Output the data below only from the line containing "DISEÑO: Dejame un" up to and including the line containing "之后,陈志刚研究员指出:党的", exact and with the pictures left out.
****
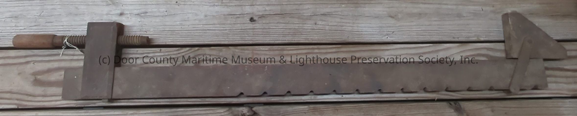 Brown wood and metal clamp. Threaded wood handle. Notches in bottom of wood bar act as lock for adjustable locking stop on end of bar
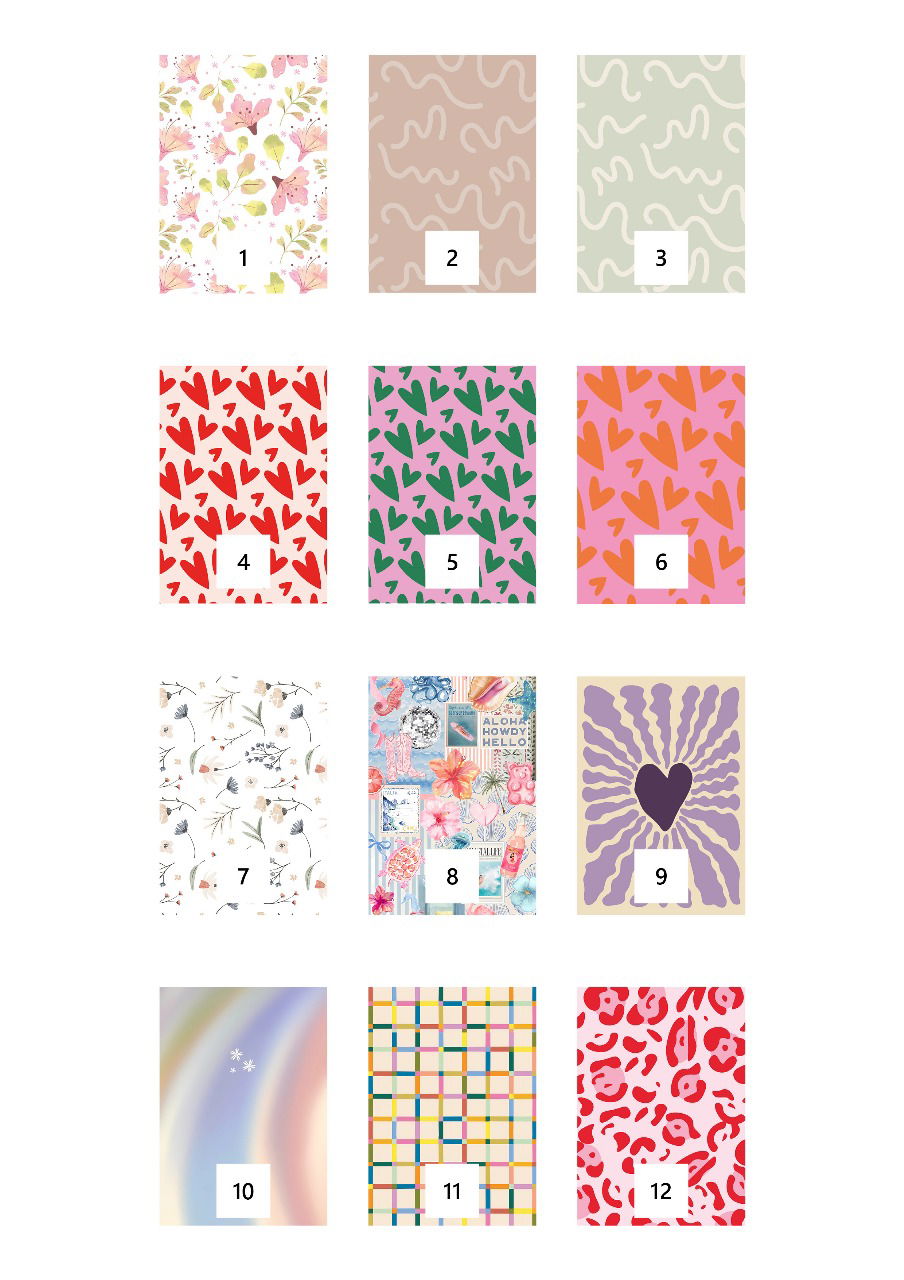 DISEÑO: Dejame un mensaje con el número del diseño elegido del catálogo, o mandame al mail la imagen que vos quieras - mail: kilig.encuadernacion@gmail.com
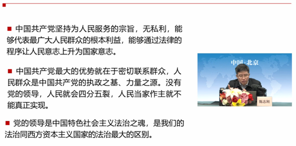 之后,陈志刚研究员指出:党的领导是人民当家作主和依法治国的根本保证,人民当家作主是社会主义民主政治的本质特征。中国共产党选拔领导干部不是唯票是举,而是广泛听取群众意见,发扬民主。同时,在讨论党、政、法三者关系时,党和法、政治和法治的关系不是截然对立的,而是密切关联、相互渗透的。
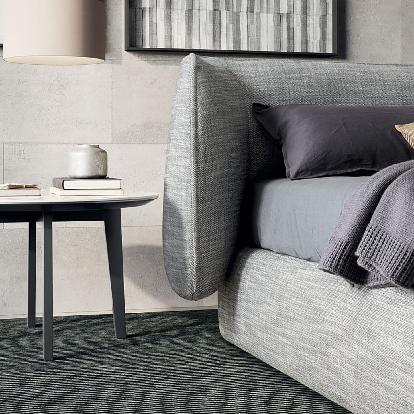 - BED FRAME: Internal structure made of CARB-2 certified wood particle-board panels, padded with polyurethane foam and upholstered with bonded fabric. Cylindrical feet dia. 70 mm made of anthracite-coloured plastic. Bed frame supplied with central crosspiece and support foot and is also fitted to accommodate two separate bed slats.
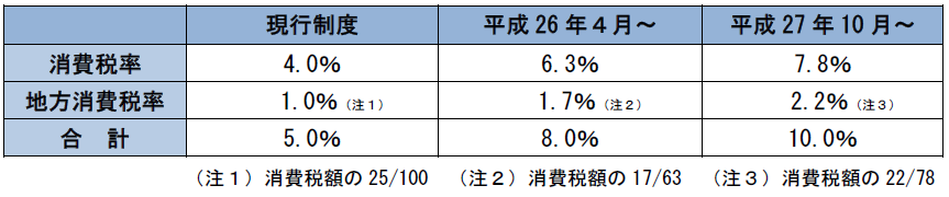 平成24年8月に「社会保障の安定財源の確保等を図る税制の抜本的な改革を行うための消費税法等の一部を改正する等の法律案」が国会で可決され、消費税法の改正として、消費税率(消費税及び地方消費税)が引き上げられることとなった。
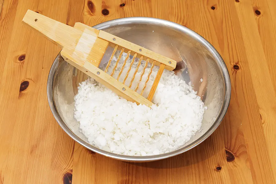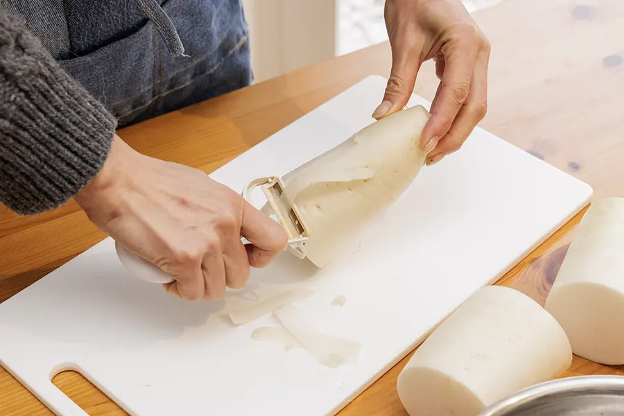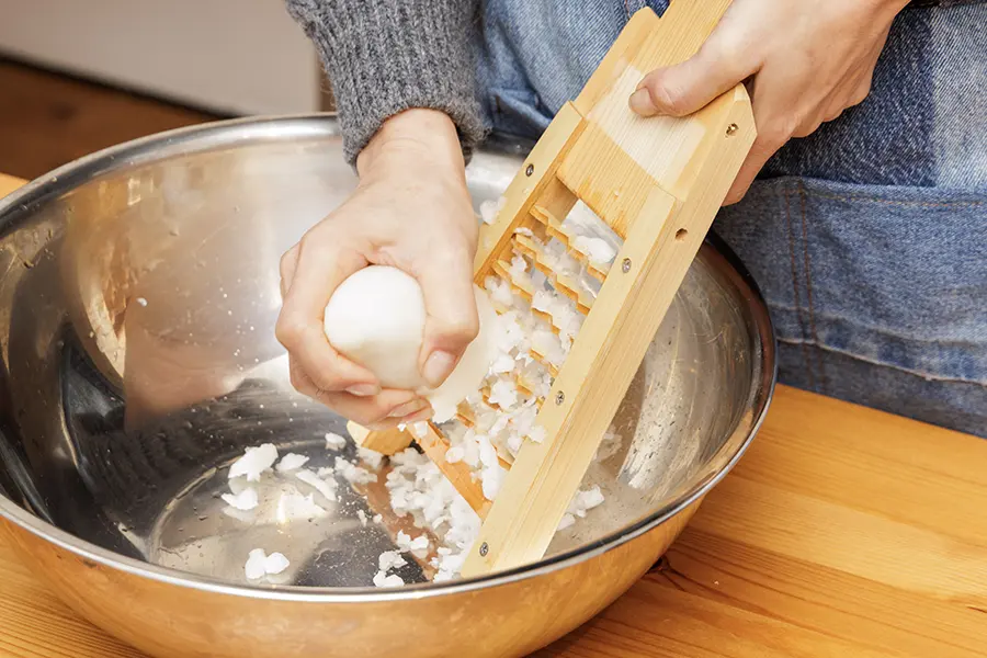 (2)大根の皮をむき、おろしばた(鬼おろし)で粗くすりおろす。
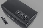 Three top-mounted knobs are designed for easy adjustment of treble, bass, and volume/input. Wireless remote control for easy control of the speaker from a distance.
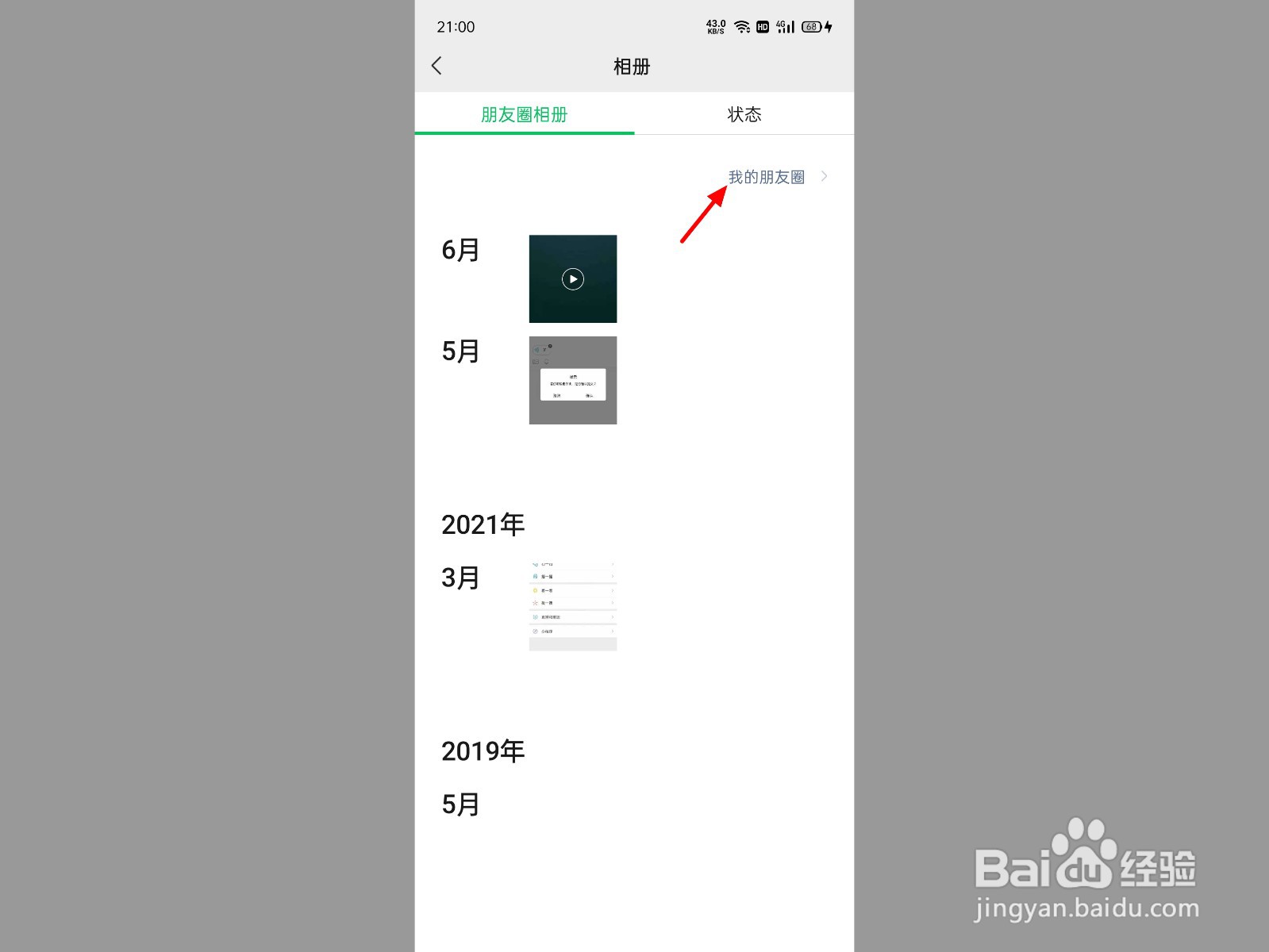 [图]2/5在朋友圈界面言册,点击我的朋友圈。
****
**Response below**
 DISEÑO: Dejame un mensaje con el número del diseño elegido del catálogo, o mandame al mail la imagen que vos quieras - mail: kilig.encuadernacion@gmail.com
 之后,陈志刚研究员指出:党的领导是人民当家作主和依法治国的根本保证,人民当家作主是社会主义民主政治的本质特征。中国共产党选拔领导干部不是唯票是举,而是广泛听取群众意见,发扬民主。同时,在讨论党、政、法三者关系时,党和法、政治和法治的关系不是截然对立的,而是密切关联、相互渗透的。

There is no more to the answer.